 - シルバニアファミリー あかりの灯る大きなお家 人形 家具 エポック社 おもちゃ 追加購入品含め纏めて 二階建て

____________________

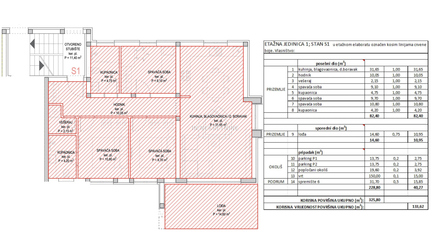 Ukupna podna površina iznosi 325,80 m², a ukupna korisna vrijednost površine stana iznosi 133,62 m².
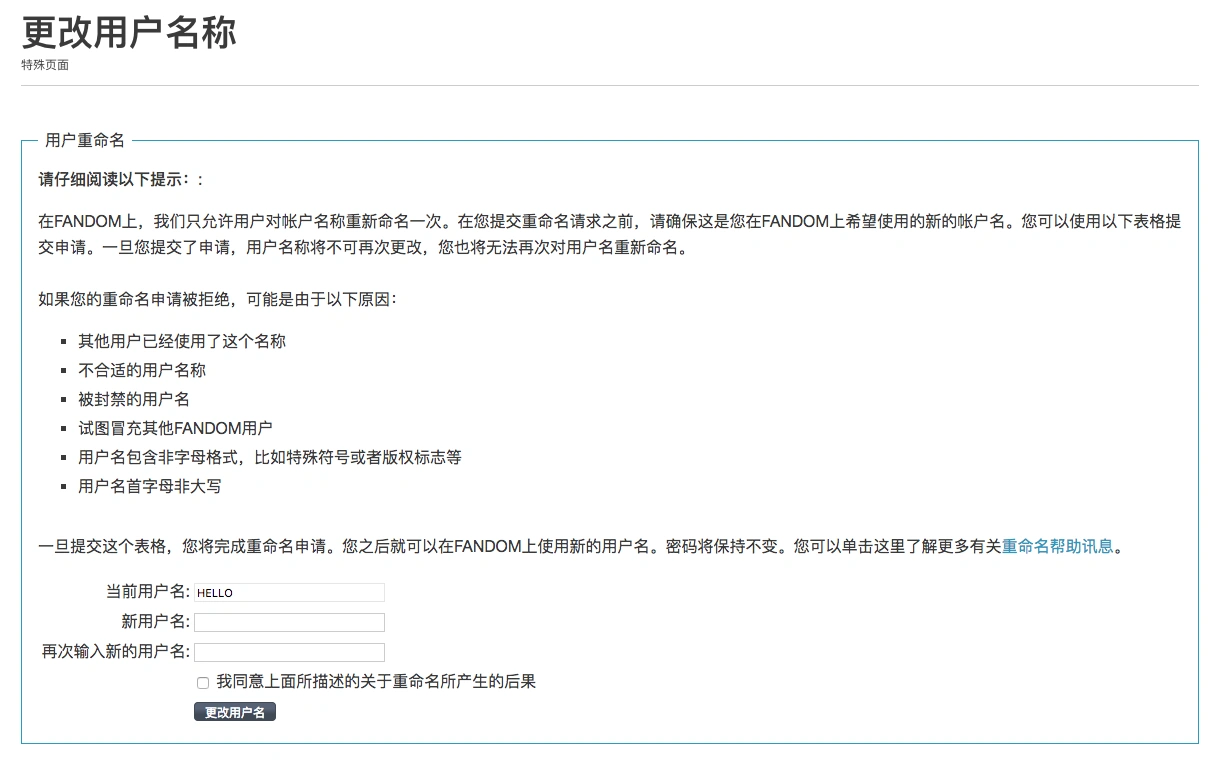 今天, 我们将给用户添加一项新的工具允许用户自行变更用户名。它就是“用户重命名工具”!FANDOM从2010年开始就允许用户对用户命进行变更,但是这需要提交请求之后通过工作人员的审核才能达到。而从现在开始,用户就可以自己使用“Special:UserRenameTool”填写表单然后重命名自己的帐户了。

____________________

__What you are asked to do__. Could you repeat, exactly, only the lines above starting at the one that has "Ukupna podna površina" and stopping after the one that has "今天, 我们将给用户添加一项", without the pictures?

__Expected answer__.
 Ukupna podna površina iznosi 325,80 m², a ukupna korisna vrijednost površine stana iznosi 133,62 m².
 今天, 我们将给用户添加一项新的工具允许用户自行变更用户名。它就是“用户重命名工具”!FANDOM从2010年开始就允许用户对用户命进行变更,但是这需要提交请求之后通过工作人员的审核才能达到。而从现在开始,用户就可以自己使用“Special:UserRenameTool”填写表单然后重命名自己的帐户了。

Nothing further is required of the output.